The patterns of rainfall and flooding are changing in front of our eyes.  Why are we getting extraordinary rainfall and flooding and changing weather patterns? At the risk of oversimplifying, two primary forces are happening year-by-year:

First the oceans are measurably warmer, roughly one and half degrees Fahrenheit, or about one degree Celsius than they were a century ago.  Warmer oceans evaporate more moisture into the air. That moisture contains heat energy. The above-normal moisture has to come down as rain – or snow, depending on the local temperature.

Second, the broad patterns of atmospheric and ocean currents that have been generally reliable following the seasons of the year are changing. Atmospheric currents such as the “jet stream” and ocean currents such as the Gulf Stream have been relatively stable for centuries, even millennia. There are two basic reasons those currents are changing. a) the extra heat in the sea speeds up the motion, just like turning up the heat on a large pot of water on the stove, and b) the melting Arctic Ocean is creating a turbulent sea where there was solid ice. For hundreds of thousands of years, year-round ice, ten feet thick (3 meters) acted as a heat barrier and preventing waves from forming. With that ice rapidly disappearing, the ocean’s heat energy is altering weather patterns locally, changing the Jet Stream, and indirectly altering ocean and atmospheric circulation patterns worldwide. 

With these new conditions, we need even better models to predict future flooding, to reduce loss of life and to reduce property losses. Flooding is a combination from coastal storms, heavy rain, downstream “runoff”, extreme tides, and rising sea level. Better flood models will allow us to better plan, design, and build for the future. It is essential that efforts to measure and model the changing patterns have the highest priority, not just in the U.S. but globally. The weather forecasting technology of the National Weather Service (U.S.) part of NOAA has improved over the decades, joined by their international counterparts and the IMO (International Meteorological Organization.) Also in recent decades private companies like The Weather Channel and AccuWeather have been adding to the government weather forecasting, which now extends out to a few weeks quite accurately. 

Changing climate – the change in longer term patterns – extends beyond the weather or meteorology timeframe.
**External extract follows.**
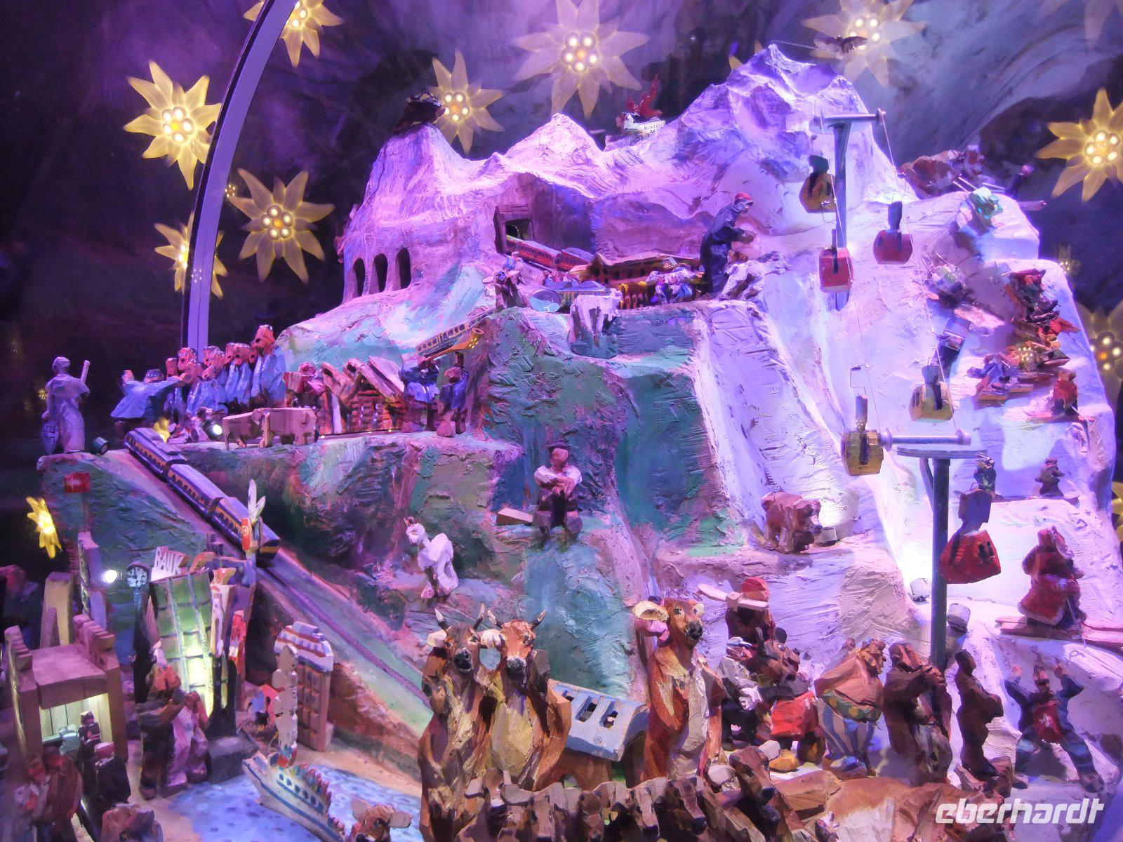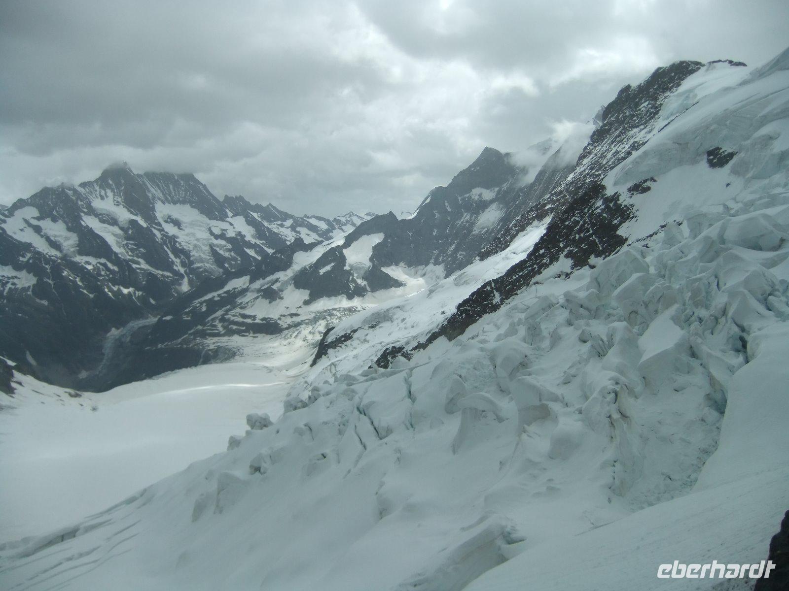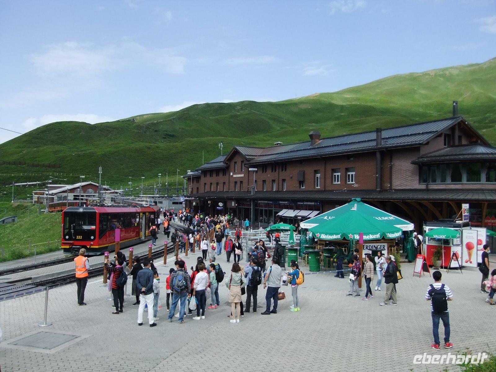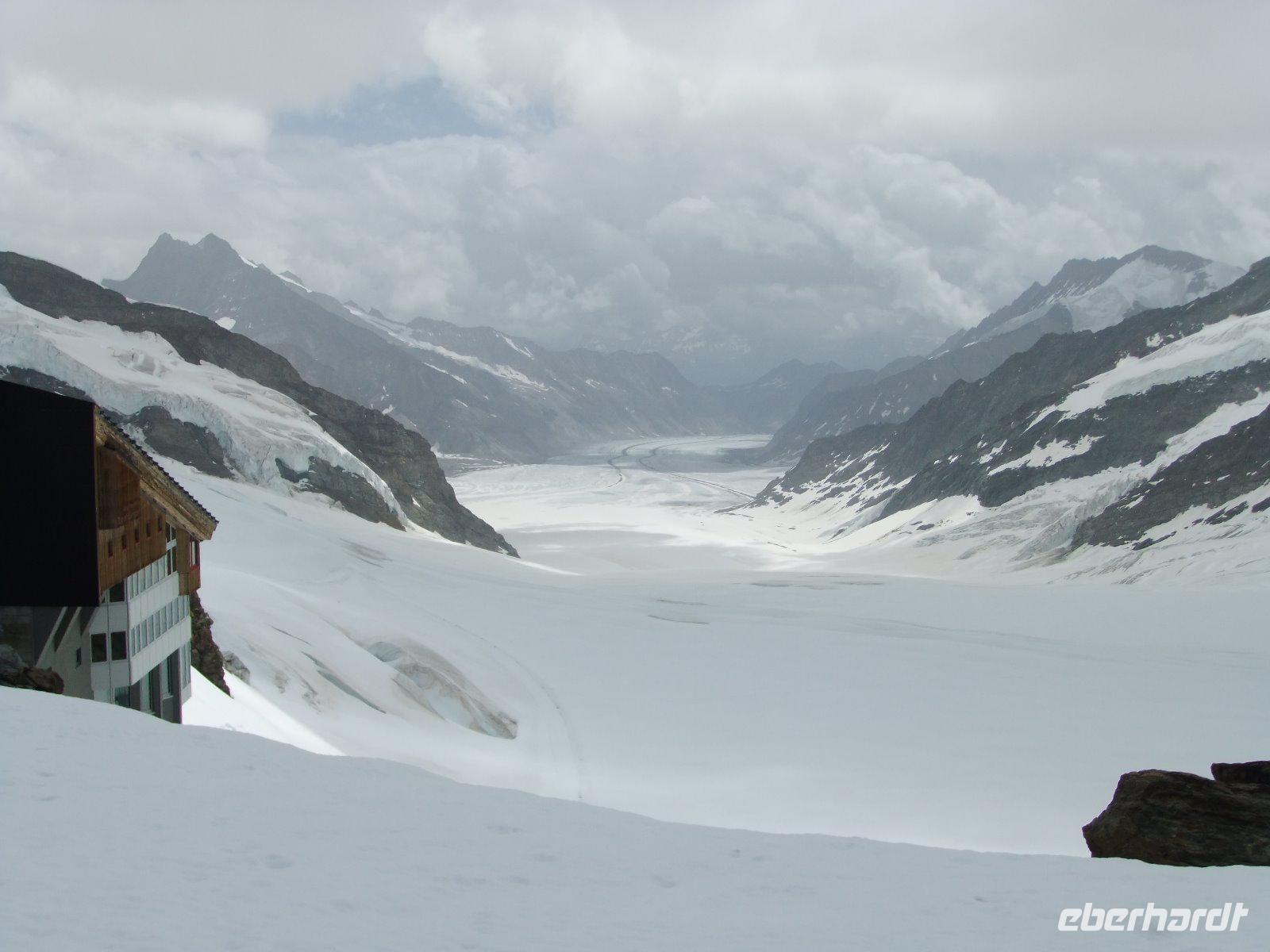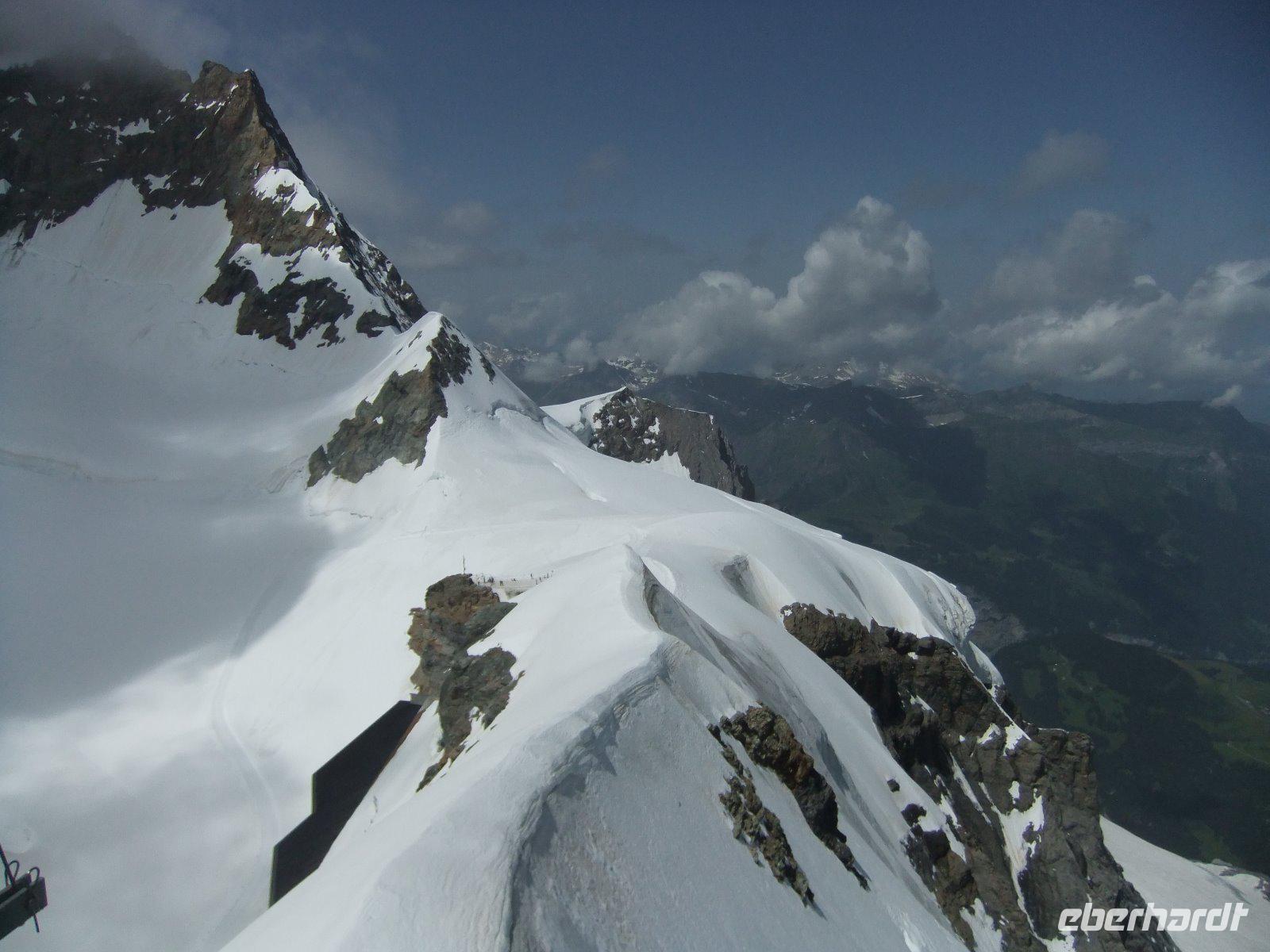 Bis jetzt war der Wettergott immer auf unsere Seite. Auch heute hoffen wir wieder auf seine Unterstützung, denn wir wollen ganz nach oben. Nach dem Frühstück gehen wir zum Bahnhof Interlaken-Ost. Von hier fahren wir nach Grindelwald, steigen dort in die Zahnradbahn zur Kleinen Scheidegg um. Das Dreigestirn Eiger, Mönch und Jungfrau präsentiert sich nun vor uns. Sehr gut einsehbar ist besonders die Eigernordwand. Weiter geht es mit der Jungfraubahn. An den Stationen Eigerwand und Eismeer legen wir Fotostopps ein. Nach 50 Minuten erreichen wir den mit 3454 m höchstgelegenen Bahnhof Europas. Von der Bahnhofshalle gelangen wir direkt ins Hauptgebäude, wo wir dem Symbol „Tour" folgen können. Die erste Attraktion ist das 360°-Kinoerlebnis „Jungfrau-Panorama". An der Station „Aletschgletscher" spazieren wir durch den Schnee. Aus dem Liegestuhl können wir beobachten, wie vor allem asiatische Touristen eine Rutschpartie im Gummireifen machen und Mutige am 250 Meter langen Stahlseil über die Gletscherwelt fliegen. In 27 Sekunden erreichen wir dann mit dem schnellsten Lift er Schweiz das Sphinx-Observatorium, das gleichzeitig das Wahrzeichen des Jungfraujochs ist. Die Aussichtsterrasse bietet eine wunderbare Sicht auf den Aletschgletscher und wir sind dem Mönch ganz nah. Weiter geht es zum Erlebnisrundgang „Alpine Sensation". Wir bestaunen das „Wunderland Schweiz in der Schneekugel", schauen auf die Anfänge des Tourismus in der Jungfrau-Region und in die Geschichte der Jungfraubahn. Dann wird es kalt, denn wir befinden uns im Eispalast. Hier treffen wir auf Pinguine und Eisbären. Unsere nächste Station ist das Gletscherplateau, wo seit der Einweihung der Jungfraubahn die Schweizer Fahne weht. Wir stehen zu Füßen der Jungfrau und auch von hier haben wir noch einmal einen atemberaubenden Blick auf den Aletschgletscher. Zum Schluss tauchen wir mit Lindt ein in die süße Welt der Schweizer Schokolade.

Longer term rainfall, flood and climate prediction will require even more innovation. Fortunately, there are some new private sector firms working to improve that forecasting. A good example is the start-up, Jupiter Intelligence, recently covered by the New York Times and Washington Post. They are a “Silicon Valley style” enterprise using the latest science, cloud computing and a nimble approach to deliver state-of-the-art projections to both the private and public sector clients. Their target is both more detailed projections as well as longer term models, so they are a welcome new player in the field.

To prepare for and adapt to the new climate era of flooding, heatwaves, and wildfires, we are going to need to utilize all of these tools and technologies. We are entering uncharted territory. Abnormal is the new normal. Record-level weather events keep getting washed away.